WAN optimisation is typically deployed in a point-to-point or multi-site configuration. A physical device is deployed at each site which uses a variety of techniques to improve the performance of applications being run over the network. It’s generally suited to:

  • Sites where WAN access is expensive or constricted.
  • Private networks in a point-to-point or hub and spoke topology.
  • Improving performance of "business” applications – services such as Citrix, SAP and many distributed storage protocols and web-based applications.

Generally, WAN optimisation platforms won’t speed access to general internet services; many platforms offer some form of web caching capability which can help performance. However, they are generally far more suited to improving the performance of specific applications operating within a closed, controlled network environment.

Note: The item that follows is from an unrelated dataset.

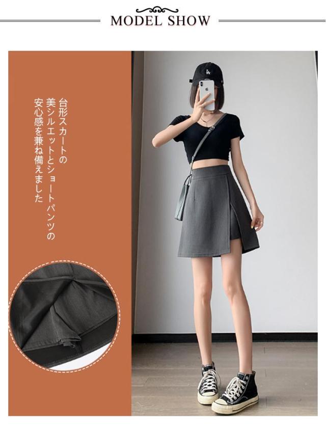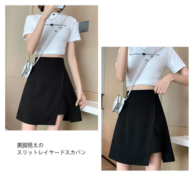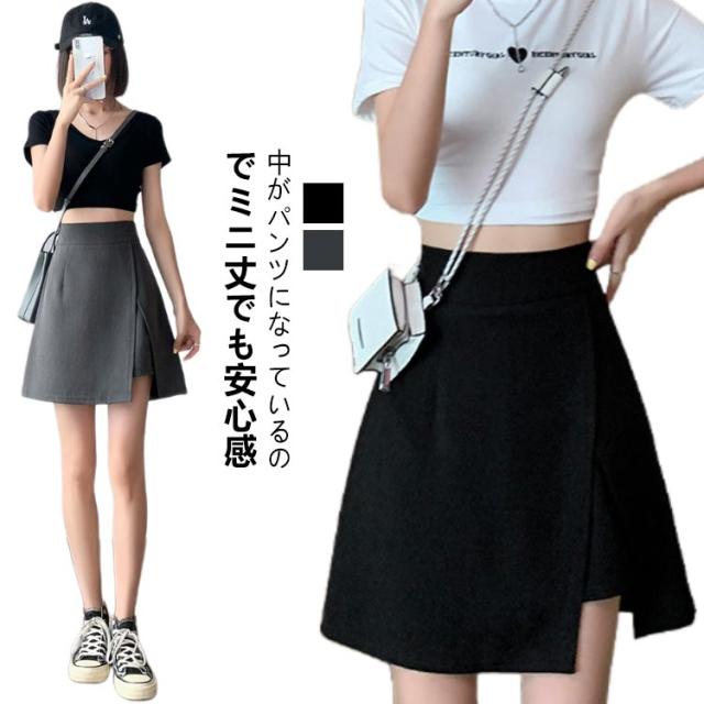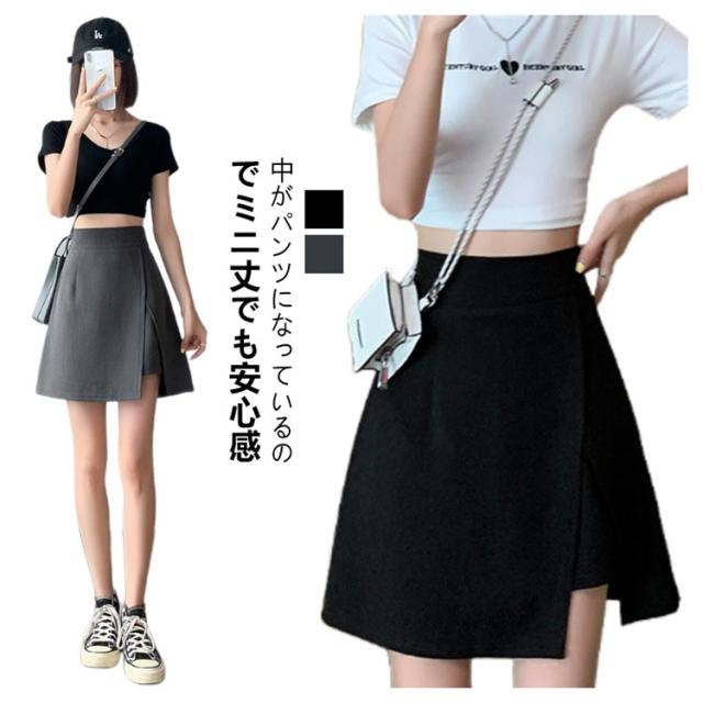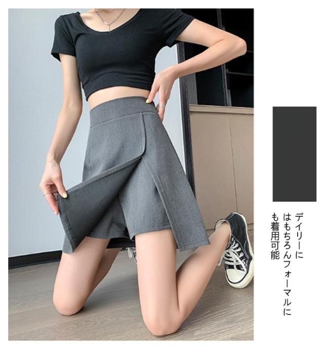 Aライン ミニスカ ショートパンツ ハイウエスト スカート キュロット スリットレイヤードスカパン インナーパンツ 台形シルエット 短パン スカート レディース 低身長 大きいサイズ 通勤 カジュアル オフィス 春 夏
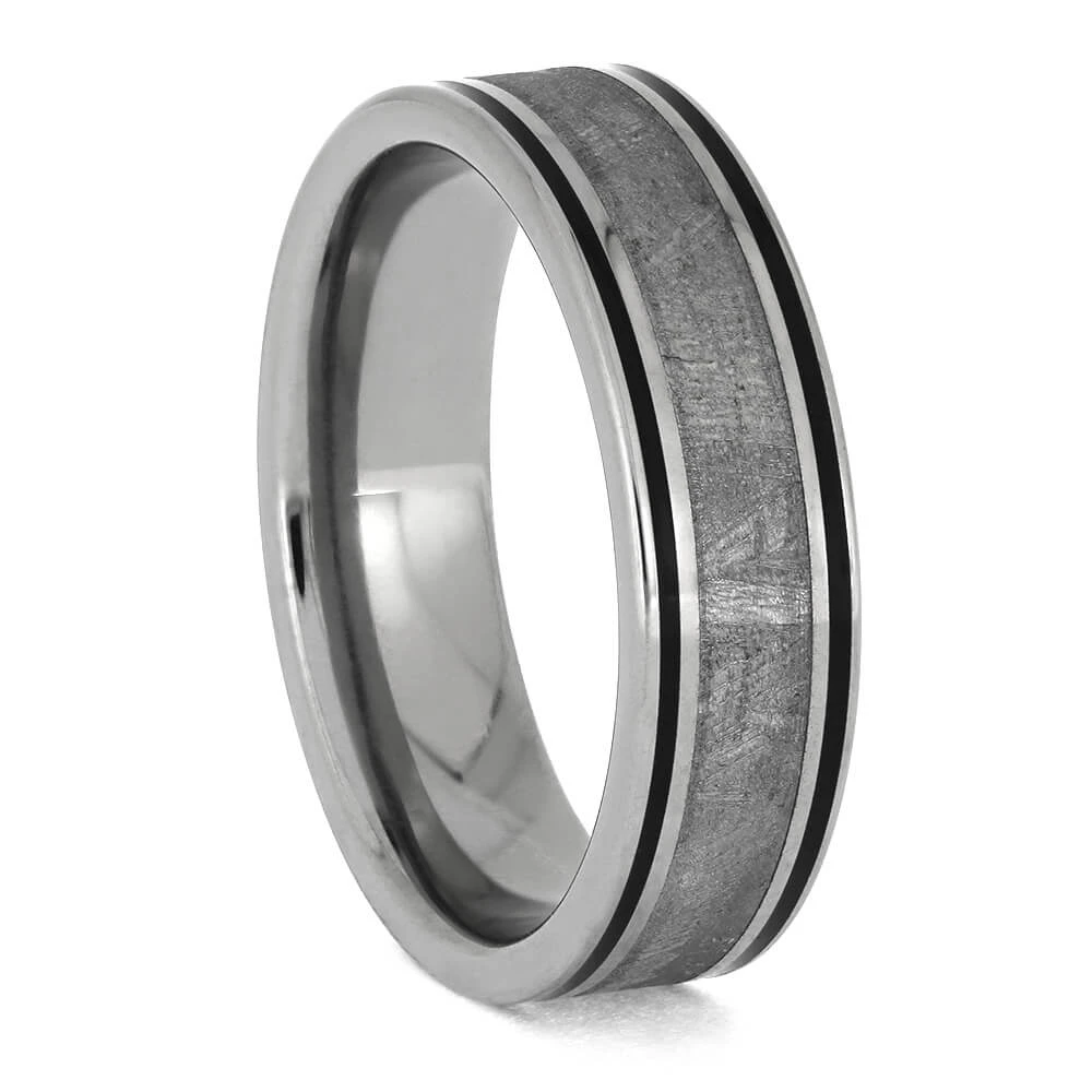 The accents of black enamel on either side of this genuine Gibeon meteorite inlay really make it pop! Featuring the characteristic Widmanstätten pattern of Gibeon meteorite, this wedding band shines with celestial brilliance. Truly, it is a timeless piece.

Content Delivery Networks (CDNs) solve a different problem. CDNs are fast becoming ubiquitous in today’s internet. The chances are high that you access content delivered via a CDN every time you browse the web. Google, YouTube, Microsoft Updates, Apple iTunes, and many large news and media organisations all use global CDNs to make their content available to as many users as quickly, efficiently and as cost-effectively as possible.

The CDN market globally is dominated by a handful of players – Akamai Networks, Limelight Networks, and Edgecast are all examples – and Akamai in particular has a strong presence in New Zealand. There is significant value to be found by utilising local CDNs that focus on building a highly capable and extensive infrastructure within a specific geographic region, such as New Zealand. Our nation is characterised by its extreme isolation from the rest of the world and the enormous cost of delivery of high-bandwidth content.

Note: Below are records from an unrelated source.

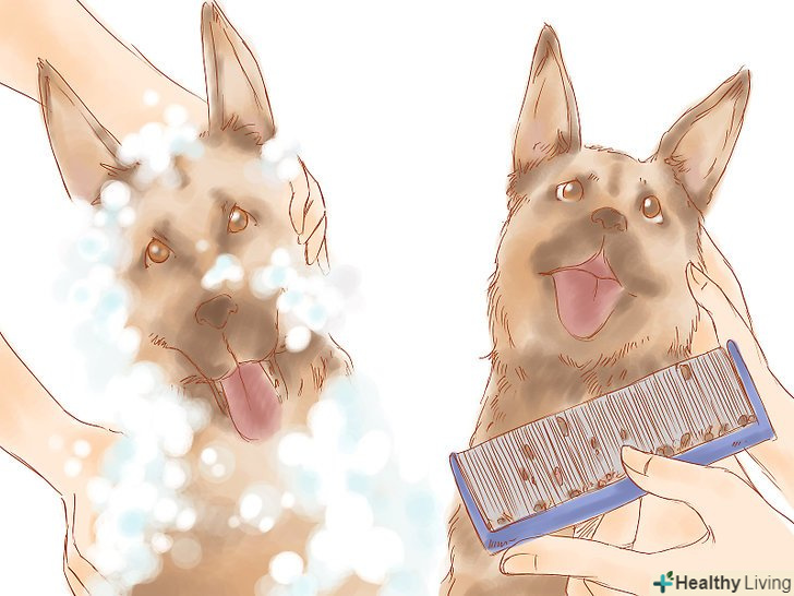 Натріть шерсть миломІ зачекайте принаймні 10 хвилин. після того як ви завдасте мило на проблемні місця, намочіть шерсть і намильте все тіло тварини. Через 10 хвилин ретельно змийте мило теплою водою. [12] коли шерсть висохне, за допомогою гребінця видаліть з неї загиблих комах.- Відразу після купання домашнього вихованця прийміть душ, оскільки деякі шампуні від бліх при тривалому впливі можуть викликати роздратування шкіри у людини.
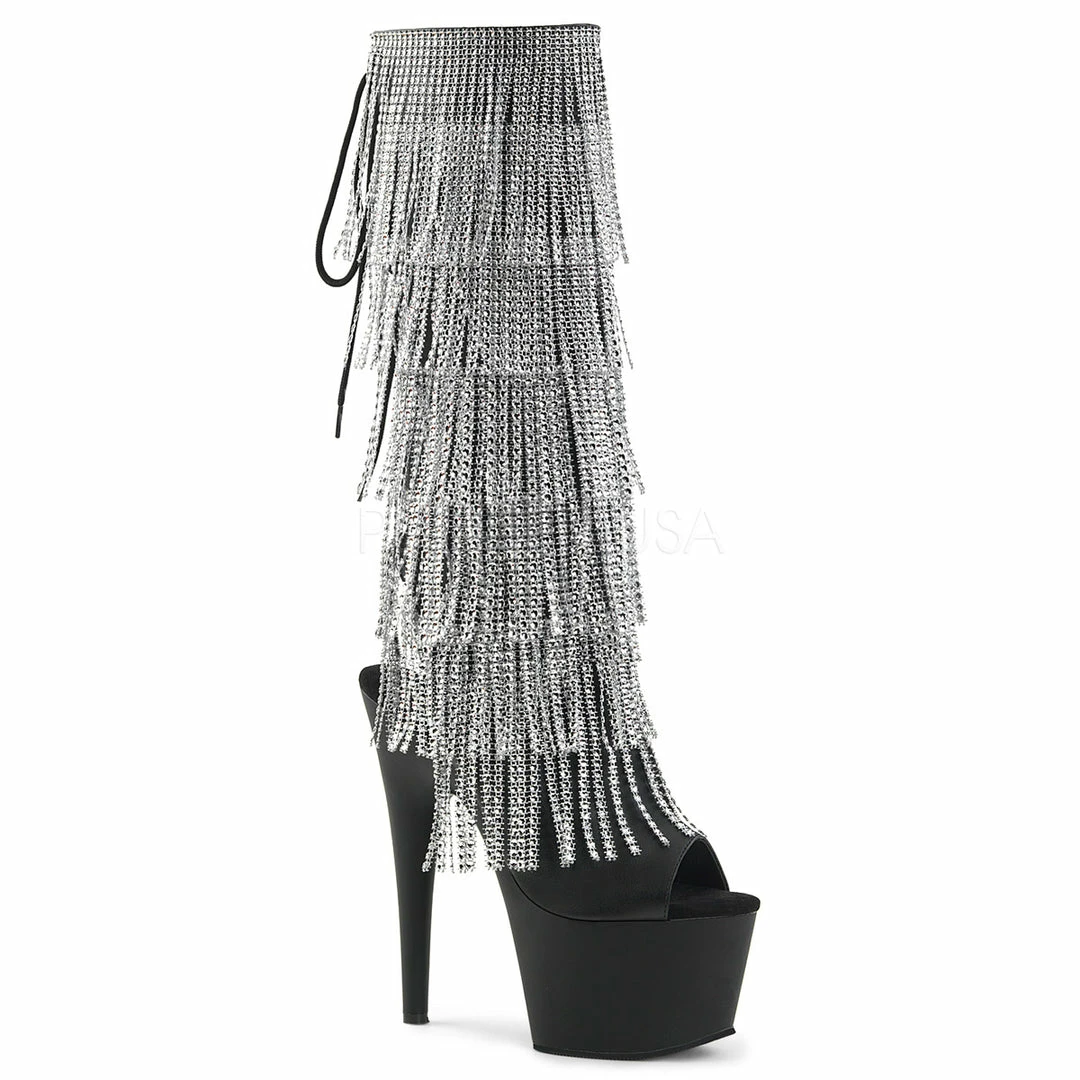 7″ (17.8cm) Stiletto Heel, 2 3/4″ (7cm) Platform Open Toe/Stiletto Heel Lace-Up Knee High Boot Featuring 6-Layer Simulated Rhinestone Fringe, Inside Zip Closure
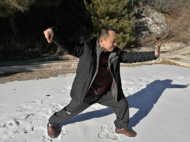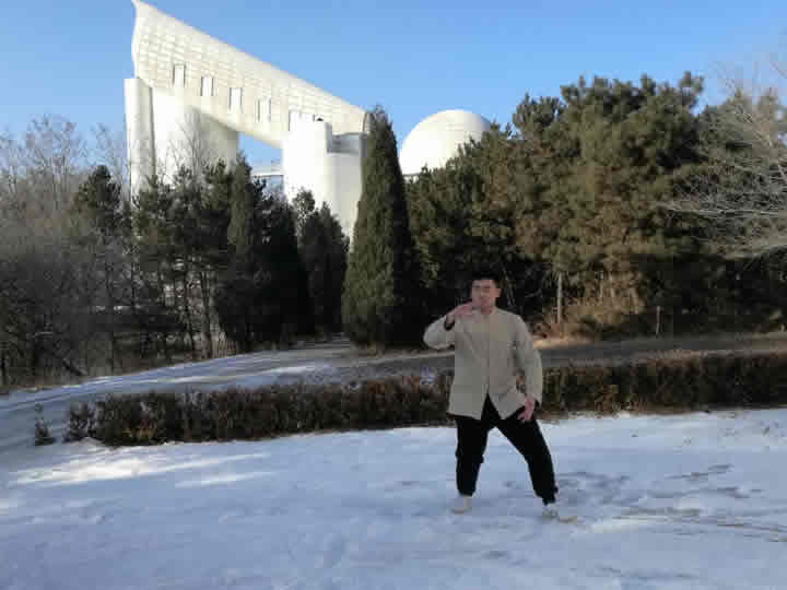 中国一带一路恒道太极研究院院长郑耀成在兴隆观测站展示武术。
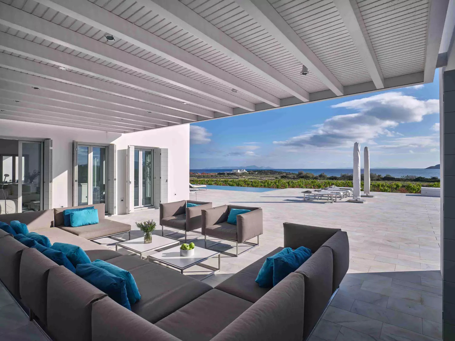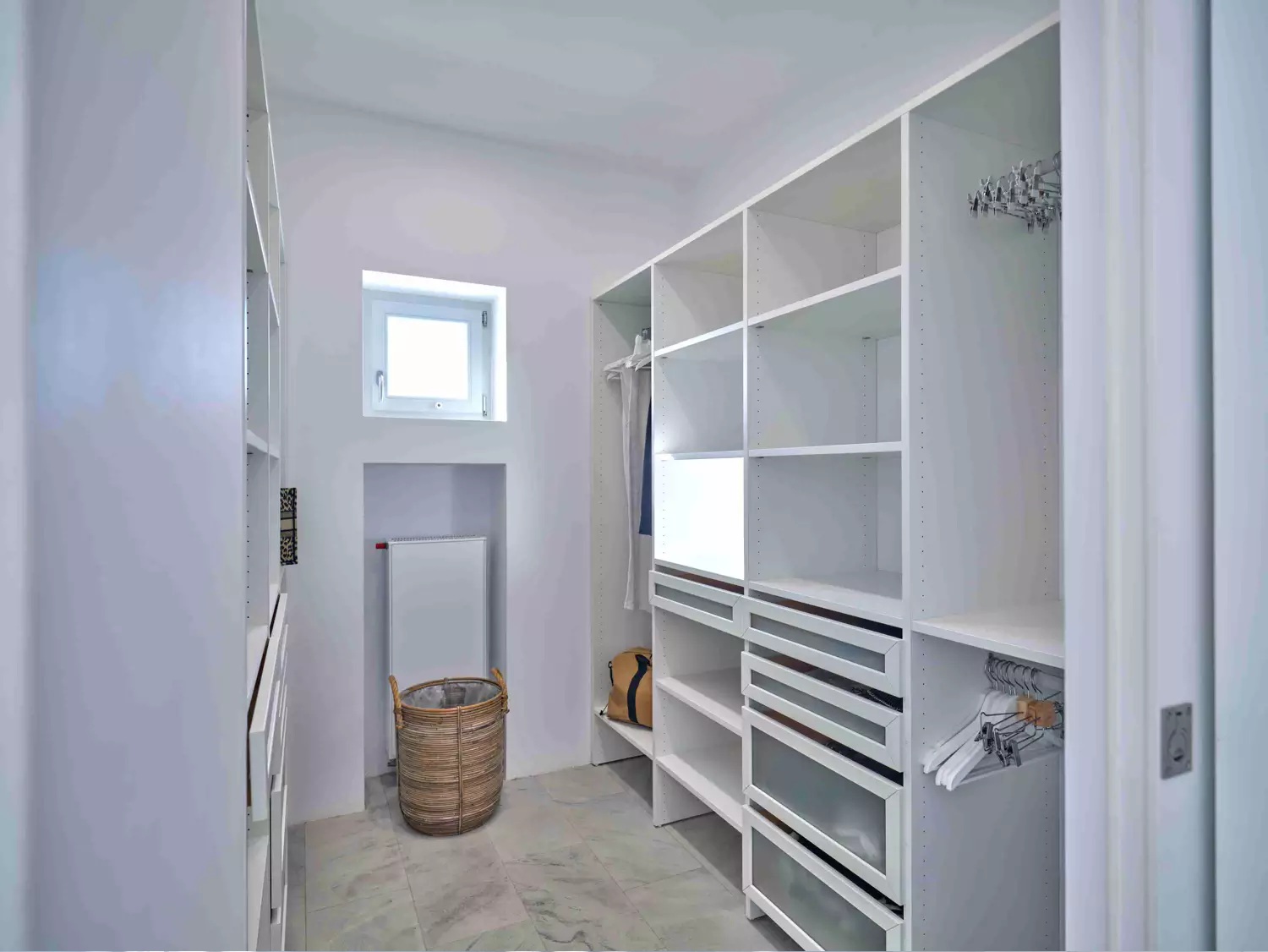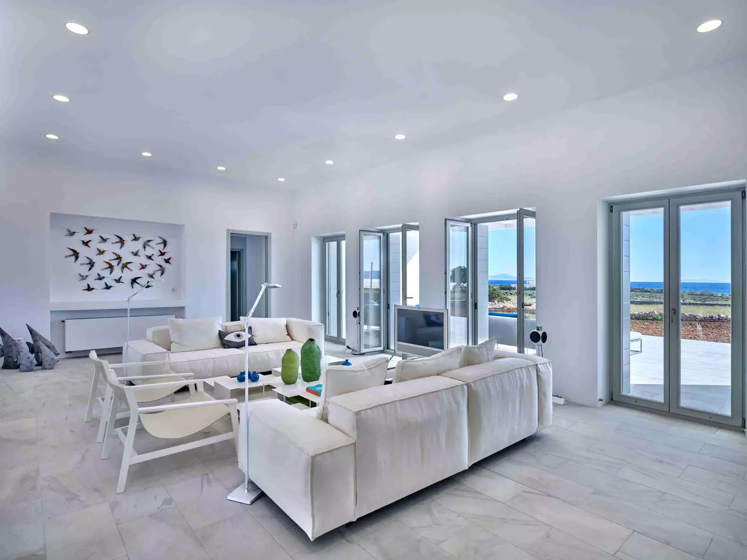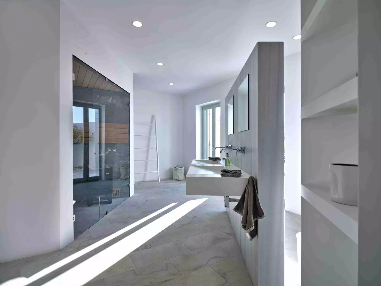 As soon as you enter the house, you will come across a voluminous living room where the white and off-white colors are the prevailing sensation of the space along with the totally minimal furnishings. This is an open-plan space that also features the contemporary, fully equipped kitchen and the dining area of the villa. A master bedroom with walk-in closet, en-suite bathroom and sauna for four is found further in the ground level. The property also features 4 more double en-suite bedrooms independently accessed from the terrace with kitchenette and queen size sofa beds.

CDNs are there to serve end-users. For businesses, they mean one thing: their customers can reach their online products faster, more effectively and often at a cheaper price. CDNs are particularly well suited to:

  • Serving a wide geographic distribution of end users
  • Serving high capacity or premium content that can’t be compressed at the network level, e.g. video and audio.
  • Serving sporadic bursts of traffic, where peaks in demand are infrequent but usually considerably higher than average.
  • Cases where access networks are cheap and backhaul and transit networks are expensive.
  • A "pay-as-you-go” rather than fixed-capital-cost model.

Orcon has recently deployed a national CDN, initially to service the recently-launched iSky online video portal. The application is ideally suited to a CDN as it fits many of the criteria mentioned above. The content is high-bandwidth, already compressed and needs to reach a very wide geographic distribution of customers at as high a level of quality as possible. While iSky is the first major application that uses the CDN, it has applications for a wide range of business needs. Any large-scale "cloud” service which also relies on high-quality distribution of large content files to a large customer base can benefit from such a service.

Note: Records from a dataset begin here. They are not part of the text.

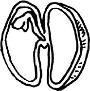 На рисунке показано семя двудольного растения. Для двудольных растений характерно кольцо камбия в стебле, кольцевое строение проводящей системы и две семядоли в зародыше семени. Мочковатая корневая система и отсутствие роста стебля в толщину характерно для однодольных растений, а споры в спорангиях характерны для споровых, а не семенных.
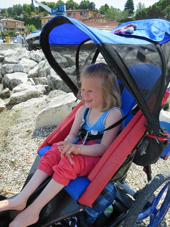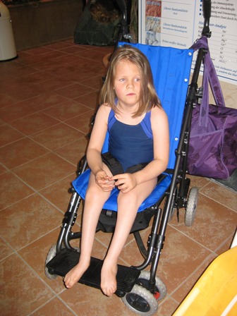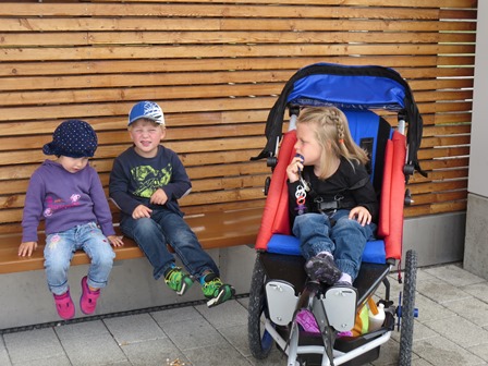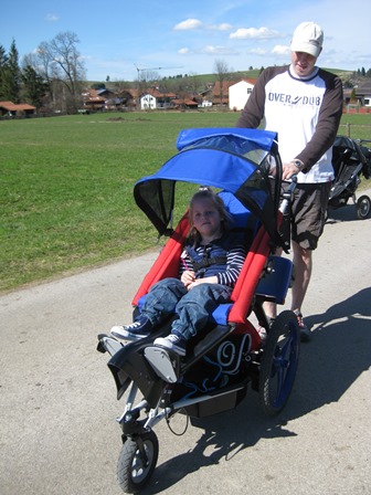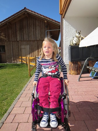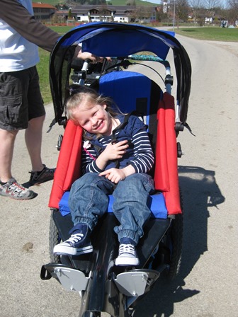Mama und Papa haben für mich wieder ganz schön in die Tasche gegriffen. Und ich sage DANKE. (Danke für die Spenden, ein Teil davon konnte vom Spendenkonto gezahlt werden). Mein neuer Rehawagen Kangoo ist suuuper toll und sehr bequem und ich kann überall mit hin. Über Stock und Stein und alle Schotterwege, ohne dass ich total durchgeschüttelt werde. Sogar Fahrrad fahren kann man damit. Die Krankenkasse war der Meinung ich brauch so was nicht, weil ich schon einen Rehabuggy Kimba hab (der gut ist, aber fürs Allgäu einfach nicht geeignet), aber Mama und Papa waren Gott sei Dank anderer Meinung. Eine neue Schaukel hab ich auch bekommen (Lekis), extra für so große besondere Kinder wie mich, das ist toll und schaukeln ist lustig.
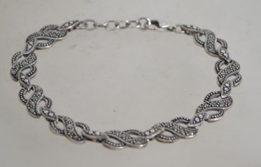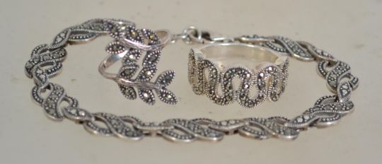 A group of silver and marcasite jewellery to include a marcasite bracelet with infinity link design and claw clasp, a silver ring with marcasite snake design and a marcasite leaf design ring. Bracelet measures 19cms. Total weight 21 grams.

In some cases, the best solution is simply to add capacity. Metro Ethernet in CBD areas is becoming more affordable and over time the UFB is likely to improve both reach and cost. While there is a big jump in cost from a basic best-effort business ADSL retail service, once the leap to larger-capacity dedicated data services such as S.HDSL or Metro Ethernet has been made, incremental improvements in speed are usually relatively cheap.

A 100Mb fibre-base Metro Ethernet access for example, is usually less than twice the cost of a 10Mb service and offers 10 times the capacity. Service providers usually offer a graduated (and more affordable) growth path for those who don’t need to grow capacity quite that quickly. If a business is fortunate enough to be located in the coverage area of a regional fibre operator (such as Citylink in Wellington, Enable in Christchurch, or Velocity in Hamilton), then 100Mb, 1000Mb, or even dark fibre services are often very affordable.

Service providers can in many cases add significant value to WAN services through hosted traffic management or Quality of Service (QoS). Rather than using compression or caching techniques, the approach manages the bandwidth available in the network and ensures it is distributed fairly, or distributed based on a set of business rules that provide priority to one service or application or another. Most service providers have the capability to identify traffic at least at the port level and apply specific policy to it from there.

In summary, when reviewing network capacity and evaluating potential solutions to throughput bottlenecks or performance problems, consider carefully your specific technical architecture and the applications and services you are operating and make sure you’re matching up with a solution that is best suited to your needs.